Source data
--- START ---
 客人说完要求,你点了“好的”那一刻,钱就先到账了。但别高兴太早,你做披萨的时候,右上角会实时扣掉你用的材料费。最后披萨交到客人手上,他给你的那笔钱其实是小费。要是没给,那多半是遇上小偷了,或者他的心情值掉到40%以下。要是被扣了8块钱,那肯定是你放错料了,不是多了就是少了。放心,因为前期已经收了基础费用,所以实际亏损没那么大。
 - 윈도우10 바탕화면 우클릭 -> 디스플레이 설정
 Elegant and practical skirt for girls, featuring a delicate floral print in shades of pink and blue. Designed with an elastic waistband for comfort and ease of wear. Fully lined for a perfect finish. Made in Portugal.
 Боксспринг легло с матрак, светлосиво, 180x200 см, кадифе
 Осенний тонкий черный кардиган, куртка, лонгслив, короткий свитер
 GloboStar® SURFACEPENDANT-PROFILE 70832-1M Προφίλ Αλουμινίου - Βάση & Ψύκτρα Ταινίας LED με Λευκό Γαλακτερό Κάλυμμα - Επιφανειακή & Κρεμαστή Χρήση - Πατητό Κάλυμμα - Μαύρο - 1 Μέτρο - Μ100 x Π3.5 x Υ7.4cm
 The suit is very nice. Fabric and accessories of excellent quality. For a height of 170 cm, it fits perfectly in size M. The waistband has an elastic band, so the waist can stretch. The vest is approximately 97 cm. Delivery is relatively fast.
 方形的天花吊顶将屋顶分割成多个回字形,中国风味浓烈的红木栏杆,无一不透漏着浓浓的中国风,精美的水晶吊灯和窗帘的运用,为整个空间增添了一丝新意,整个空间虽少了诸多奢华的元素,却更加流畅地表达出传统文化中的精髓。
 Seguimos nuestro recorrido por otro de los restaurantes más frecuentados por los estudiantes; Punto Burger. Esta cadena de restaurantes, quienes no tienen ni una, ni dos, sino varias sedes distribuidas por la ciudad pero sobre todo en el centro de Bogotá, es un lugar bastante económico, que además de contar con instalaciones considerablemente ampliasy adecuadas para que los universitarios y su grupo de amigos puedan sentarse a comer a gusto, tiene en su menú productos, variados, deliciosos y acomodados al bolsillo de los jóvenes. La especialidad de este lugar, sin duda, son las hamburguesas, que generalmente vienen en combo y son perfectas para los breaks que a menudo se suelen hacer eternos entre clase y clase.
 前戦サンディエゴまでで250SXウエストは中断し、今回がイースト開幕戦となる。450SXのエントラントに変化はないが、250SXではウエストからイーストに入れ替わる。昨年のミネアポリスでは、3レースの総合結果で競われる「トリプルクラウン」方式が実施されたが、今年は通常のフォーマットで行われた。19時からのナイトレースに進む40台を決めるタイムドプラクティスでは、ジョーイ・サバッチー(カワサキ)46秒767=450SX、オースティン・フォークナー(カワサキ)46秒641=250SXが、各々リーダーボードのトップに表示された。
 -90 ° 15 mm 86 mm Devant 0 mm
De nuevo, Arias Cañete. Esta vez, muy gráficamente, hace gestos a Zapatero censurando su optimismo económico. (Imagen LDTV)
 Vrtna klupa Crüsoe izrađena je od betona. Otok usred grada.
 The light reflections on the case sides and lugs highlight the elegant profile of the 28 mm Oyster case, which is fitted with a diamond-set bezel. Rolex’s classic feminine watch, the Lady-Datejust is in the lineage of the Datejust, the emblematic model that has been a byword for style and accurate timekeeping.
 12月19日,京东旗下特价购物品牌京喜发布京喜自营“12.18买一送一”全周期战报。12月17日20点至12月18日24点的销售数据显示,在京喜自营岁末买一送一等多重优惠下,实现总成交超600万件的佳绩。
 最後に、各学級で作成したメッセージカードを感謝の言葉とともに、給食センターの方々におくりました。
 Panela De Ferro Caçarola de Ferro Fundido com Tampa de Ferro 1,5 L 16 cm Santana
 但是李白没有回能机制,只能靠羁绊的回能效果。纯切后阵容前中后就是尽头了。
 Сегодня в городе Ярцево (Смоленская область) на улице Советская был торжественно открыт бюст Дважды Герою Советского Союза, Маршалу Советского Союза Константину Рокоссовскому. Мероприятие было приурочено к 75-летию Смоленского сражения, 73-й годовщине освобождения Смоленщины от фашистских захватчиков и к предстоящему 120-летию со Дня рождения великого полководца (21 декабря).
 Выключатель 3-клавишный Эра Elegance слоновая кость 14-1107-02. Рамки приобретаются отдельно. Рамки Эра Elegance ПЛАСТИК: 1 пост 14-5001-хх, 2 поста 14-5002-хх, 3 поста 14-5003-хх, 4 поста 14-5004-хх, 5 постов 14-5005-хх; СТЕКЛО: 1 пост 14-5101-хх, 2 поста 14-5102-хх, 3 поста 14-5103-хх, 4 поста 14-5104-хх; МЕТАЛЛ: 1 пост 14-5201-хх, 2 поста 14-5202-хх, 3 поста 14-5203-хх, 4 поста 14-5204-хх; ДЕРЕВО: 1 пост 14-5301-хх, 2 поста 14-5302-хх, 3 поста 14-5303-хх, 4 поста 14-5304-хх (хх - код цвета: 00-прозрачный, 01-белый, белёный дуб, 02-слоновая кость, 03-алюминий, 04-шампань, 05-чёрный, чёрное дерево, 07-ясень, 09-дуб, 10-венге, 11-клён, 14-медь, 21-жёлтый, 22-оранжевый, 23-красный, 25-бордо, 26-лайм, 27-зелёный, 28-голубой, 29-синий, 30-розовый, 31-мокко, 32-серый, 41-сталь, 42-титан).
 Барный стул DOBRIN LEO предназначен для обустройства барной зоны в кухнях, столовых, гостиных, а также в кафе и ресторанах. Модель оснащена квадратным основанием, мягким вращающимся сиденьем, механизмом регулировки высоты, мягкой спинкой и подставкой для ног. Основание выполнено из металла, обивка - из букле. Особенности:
--- END ---
TRY IT: Reproduce the entries above in full, precisely as written.

ANSWER BOX:
 客人说完要求,你点了“好的”那一刻,钱就先到账了。但别高兴太早,你做披萨的时候,右上角会实时扣掉你用的材料费。最后披萨交到客人手上,他给你的那笔钱其实是小费。要是没给,那多半是遇上小偷了,或者他的心情值掉到40%以下。要是被扣了8块钱,那肯定是你放错料了,不是多了就是少了。放心,因为前期已经收了基础费用,所以实际亏损没那么大。
 - 윈도우10 바탕화면 우클릭 -> 디스플레이 설정
 Elegant and practical skirt for girls, featuring a delicate floral print in shades of pink and blue. Designed with an elastic waistband for comfort and ease of wear. Fully lined for a perfect finish. Made in Portugal.
 Боксспринг легло с матрак, светлосиво, 180x200 см, кадифе
 Осенний тонкий черный кардиган, куртка, лонгслив, короткий свитер
 GloboStar® SURFACEPENDANT-PROFILE 70832-1M Προφίλ Αλουμινίου - Βάση & Ψύκτρα Ταινίας LED με Λευκό Γαλακτερό Κάλυμμα - Επιφανειακή & Κρεμαστή Χρήση - Πατητό Κάλυμμα - Μαύρο - 1 Μέτρο - Μ100 x Π3.5 x Υ7.4cm
 The suit is very nice. Fabric and accessories of excellent quality. For a height of 170 cm, it fits perfectly in size M. The waistband has an elastic band, so the waist can stretch. The vest is approximately 97 cm. Delivery is relatively fast.
 方形的天花吊顶将屋顶分割成多个回字形,中国风味浓烈的红木栏杆,无一不透漏着浓浓的中国风,精美的水晶吊灯和窗帘的运用,为整个空间增添了一丝新意,整个空间虽少了诸多奢华的元素,却更加流畅地表达出传统文化中的精髓。
 Seguimos nuestro recorrido por otro de los restaurantes más frecuentados por los estudiantes; Punto Burger. Esta cadena de restaurantes, quienes no tienen ni una, ni dos, sino varias sedes distribuidas por la ciudad pero sobre todo en el centro de Bogotá, es un lugar bastante económico, que además de contar con instalaciones considerablemente ampliasy adecuadas para que los universitarios y su grupo de amigos puedan sentarse a comer a gusto, tiene en su menú productos, variados, deliciosos y acomodados al bolsillo de los jóvenes. La especialidad de este lugar, sin duda, son las hamburguesas, que generalmente vienen en combo y son perfectas para los breaks que a menudo se suelen hacer eternos entre clase y clase.
 前戦サンディエゴまでで250SXウエストは中断し、今回がイースト開幕戦となる。450SXのエントラントに変化はないが、250SXではウエストからイーストに入れ替わる。昨年のミネアポリスでは、3レースの総合結果で競われる「トリプルクラウン」方式が実施されたが、今年は通常のフォーマットで行われた。19時からのナイトレースに進む40台を決めるタイムドプラクティスでは、ジョーイ・サバッチー(カワサキ)46秒767=450SX、オースティン・フォークナー(カワサキ)46秒641=250SXが、各々リーダーボードのトップに表示された。
 -90 ° 15 mm 86 mm Devant 0 mm
De nuevo, Arias Cañete. Esta vez, muy gráficamente, hace gestos a Zapatero censurando su optimismo económico. (Imagen LDTV)
 Vrtna klupa Crüsoe izrađena je od betona. Otok usred grada.
 The light reflections on the case sides and lugs highlight the elegant profile of the 28 mm Oyster case, which is fitted with a diamond-set bezel. Rolex’s classic feminine watch, the Lady-Datejust is in the lineage of the Datejust, the emblematic model that has been a byword for style and accurate timekeeping.
 12月19日,京东旗下特价购物品牌京喜发布京喜自营“12.18买一送一”全周期战报。12月17日20点至12月18日24点的销售数据显示,在京喜自营岁末买一送一等多重优惠下,实现总成交超600万件的佳绩。
 最後に、各学級で作成したメッセージカードを感謝の言葉とともに、給食センターの方々におくりました。
 Panela De Ferro Caçarola de Ferro Fundido com Tampa de Ferro 1,5 L 16 cm Santana
 但是李白没有回能机制,只能靠羁绊的回能效果。纯切后阵容前中后就是尽头了。
 Сегодня в городе Ярцево (Смоленская область) на улице Советская был торжественно открыт бюст Дважды Герою Советского Союза, Маршалу Советского Союза Константину Рокоссовскому. Мероприятие было приурочено к 75-летию Смоленского сражения, 73-й годовщине освобождения Смоленщины от фашистских захватчиков и к предстоящему 120-летию со Дня рождения великого полководца (21 декабря).
 Выключатель 3-клавишный Эра Elegance слоновая кость 14-1107-02. Рамки приобретаются отдельно. Рамки Эра Elegance ПЛАСТИК: 1 пост 14-5001-хх, 2 поста 14-5002-хх, 3 поста 14-5003-хх, 4 поста 14-5004-хх, 5 постов 14-5005-хх; СТЕКЛО: 1 пост 14-5101-хх, 2 поста 14-5102-хх, 3 поста 14-5103-хх, 4 поста 14-5104-хх; МЕТАЛЛ: 1 пост 14-5201-хх, 2 поста 14-5202-хх, 3 поста 14-5203-хх, 4 поста 14-5204-хх; ДЕРЕВО: 1 пост 14-5301-хх, 2 поста 14-5302-хх, 3 поста 14-5303-хх, 4 поста 14-5304-хх (хх - код цвета: 00-прозрачный, 01-белый, белёный дуб, 02-слоновая кость, 03-алюминий, 04-шампань, 05-чёрный, чёрное дерево, 07-ясень, 09-дуб, 10-венге, 11-клён, 14-медь, 21-жёлтый, 22-оранжевый, 23-красный, 25-бордо, 26-лайм, 27-зелёный, 28-голубой, 29-синий, 30-розовый, 31-мокко, 32-серый, 41-сталь, 42-титан).
 Барный стул DOBRIN LEO предназначен для обустройства барной зоны в кухнях, столовых, гостиных, а также в кафе и ресторанах. Модель оснащена квадратным основанием, мягким вращающимся сиденьем, механизмом регулировки высоты, мягкой спинкой и подставкой для ног. Основание выполнено из металла, обивка - из букле. Особенности:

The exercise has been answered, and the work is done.